Antony and Cleopatra - Shakespeare's Globe 2014

There's no place quite like Shakespeare's Globe. We already know, of course, about its heart-stoppingly beautiful setting beside the Thames, and its authentic and atmospheric recreation of an original Shakespearean playhouse. Regular attendees will also know about the thrilling, intimate rapport and dramatic immediacy that is established between stage and audience in its wrap-around 360 degrees wooden 'O'.

But this week the Globe has revealed something else that I didn't know about before: its dogged determination in the face of serial adversity and the triumph that can be plucked from seeming disaster. One of the co-stars of its new production of Anthony and Cleopatra Clive Wood missed five performances before it opened, owing to a virus. And no sooner did he come back than the veteran James Hayes was injured during a performance and missed the press night.

But the show must go on and it did. Even though the Globe has no understudies, another Globe regular Christopher Saul was drafted in to read Hayes's triple parts. And as the cast applauded him personally at the end, you could feel the surge of relief of how he had saved the day and the play.

This is the living, breathing reality of putting on plays, just as it was in Shakespeare's day. Though artistic director Dominic Dromgoole made a pre-show speech about the circumstances, there was no talk of asking critics to come another time. Instead, as their press officer told us in a note issued to critics the day before, "We are still hugely proud of the show and - battered but far from beaten - we are happy to go ahead with press night."

This is a dense, complex play of shifting power politics - both personal and public - but the great virtue of Jonathan Munby's production is how accessible and clear it makes it. The Globe has a big, wide stage and Munby's actors populate it fully with an epic sweep and dramatic grandeur.

Globe shows often end with a company dance - this one opens with one, and it sets the tone as well as providing an invitation to audiences to be swept along by the action.

The Globe also fields one of its most stunning trump-cards: Eve Best, who returns to the theatre to star as Cleopatra after playing Beatrice in Much Ado About Nothing a few years ago and directing Macbeth on this stage last year. (Could it be far fetched to suggest her as a future possible artistic director after Dromgoole departs next year?) She is one of our most thrilling and formidable of all modern classical actors, and she brings to Cleopatra exactly the right notes of physical allure and dangerous passion.

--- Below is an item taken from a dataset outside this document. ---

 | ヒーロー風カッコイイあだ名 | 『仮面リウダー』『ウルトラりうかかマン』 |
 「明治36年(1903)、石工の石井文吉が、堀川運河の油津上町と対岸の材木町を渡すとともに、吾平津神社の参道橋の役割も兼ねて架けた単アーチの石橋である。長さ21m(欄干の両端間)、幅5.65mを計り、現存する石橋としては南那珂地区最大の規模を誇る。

No wonder Clive Wood's Antony is so smitten by her. The stocky, strawberry-blonde Wood has an austere, imposing intelligence, if not quite the same physical allure, and there's strong support from Phil Daniels as his friend Enobarbus.

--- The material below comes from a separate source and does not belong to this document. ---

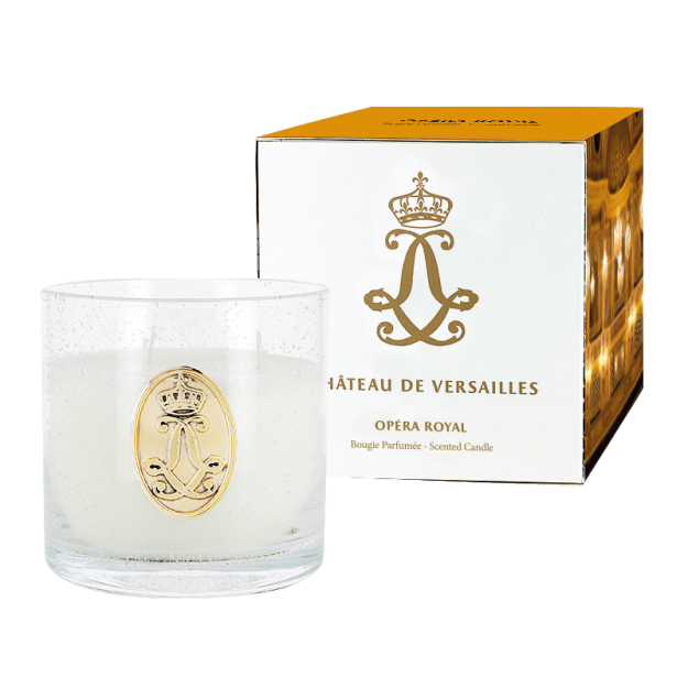 Het Château de Versailles® besloot om voor zijn gelijknamige collectie kaarsen onze hulp in te roepen. De houders van bubbelglas zijn vervaardigd door uiterst vakkundige glasmeesters en de was is handmatig gegoten, wat deze uitzonderlijke creaties hun authentieke ambachtelijke karakter geeft. Van de bewerking van het parfum tot de uitvoering van de verpakking vindt u in deze producten een kwaliteit en een vakmanschap die uniek zijn, zonder het vleugje elegantie te vergeten. In de Koninklijke Opera, waar de meest indrukwekkende feesten gehouden werden en de mooiste voorstellingen gegeven werden waar de Koning zo dol op was, werden ook muziekstukken gecomponeerd. Om deze getuige van de geschiedenis te eren, is de geurkaars Opéra Royal zeer gekunsteld, boordevol ingrediënten, zeer gefaceteerd met reliëf en voldoende volume om deze immens grote zaal te vullen. Het geurspoor begint met de frisse, aromatische noten van alsem, die enigszins worden afgeremd door de blaadjes van kaneel. Het Guajac-hout zorgt voor een stoer karakter, met de licht rokerige geur van wierook. De rode vruchten geven een vrolijk gourmand accent. En het parfum eindigt met een hoogtepunt van houtachtige accenten met een vleugje vanille en honing.

The result is a blistering roar of a production of this frequently thrilling play.

 

"With luck, the production will gain in emotional power as the run progresses, but at present this Antony and Cleopatra - simply, and in truth, somewhat drably designed by Colin Richmond - short-changes its audience when it comes to poetry and passion."
Charles Spencer for Daily Telegraph

"I have never seen the transition from living woman to regalia-laden icon effected with such uncanny stillness or with such a quietly painful mix of triumph and pathos as when this Cleopatra congeals into the statue of herself."
Paul Taylor for The Independent

" ... a fleet, intelligent production that not only conveys the polarities of Rome and Egypt, but also suggests the lovers themselves inhabit different worlds."
Michael Billington for The Guardian

"Eve Best makes a superb return to acting at Shakespeare's Globe ... She's an appealing, often magnetically humorous Cleopatra."